In contemplating Mary Karr's conversion experience, I recall how one of the things that led me back to the Catholic Church was my relationship with a man who had "gotten right-sized" in Alcoholics Anonymous. He was, like me, a cradle-but-lapsed Catholic, returning to his faith when he entered sobriety. The reason for his return was that he realized that his being able to stay sober -- one day at a time -- was wholly beyond his power, and that it could only be God who was keeping him from picking up a drink. Until he had surrendered his craving for a drink to God, he told me, he would sit in AA meetings, shaking and with sweat streaming from every pore because he wanted a drink so badly. But he had nearly drunk himself to death while on a business trip, and had woken up in the ICU; he had checked himself into detox during his Christmas-New Year's break from work because he knew he had to stop drinking or he would die.
A month or so ago, when I wrote a long blog post about the conversion of the actress Ève Lavallière, someone wrote a comment casting doubt on the sincerity of her faith, seeing as it had come to her in the midst of personal suffering and turmoil. All I can say is, this is undoubtedly the door to faith for most of us. Some of us are lucky enough to have received the gift of faith in childhood, and never to have strayed from it, but they are outnumbered both on earth and in heaven by the eleventh-hour converts. And there is more rejoicing in heaven over one sinner who repents, etc.
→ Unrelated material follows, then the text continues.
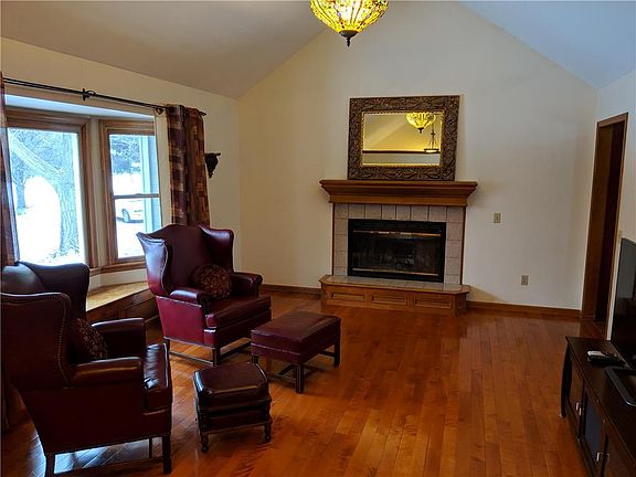 This ranch home on 3 acres features 3 bedrooms, 2 bathrooms, 2 car garage w/ additional 3rd car/utility garage, & a pond. You're welcomed into this home w/ wood floors, vaulted ceiling & wood burning fireplace in the living room. The dining area continues the wood floors & walks out to a deck. The master suite has vaulted ceiling, ceiling fan & new carpet. The unfinished basement has plenty of room for storing lawn mowers, a boat, etc. & has an additional non-conforming room w/ carpet and cedar walls.

I remember my old boyfriend C. telling me about how a friend of his in AA said once that drinking was just something you did while you were driving around looking for drugs. C.'s own sponsor in AA was killed in the World Trade Center. I have a particular affection for the gallows humor Mary Karr relates from "the rooms," i.e. the rooms where AA meetings are held. I've been to a few AA meetings in my life and more Al-Anon meetings than I can possibly count.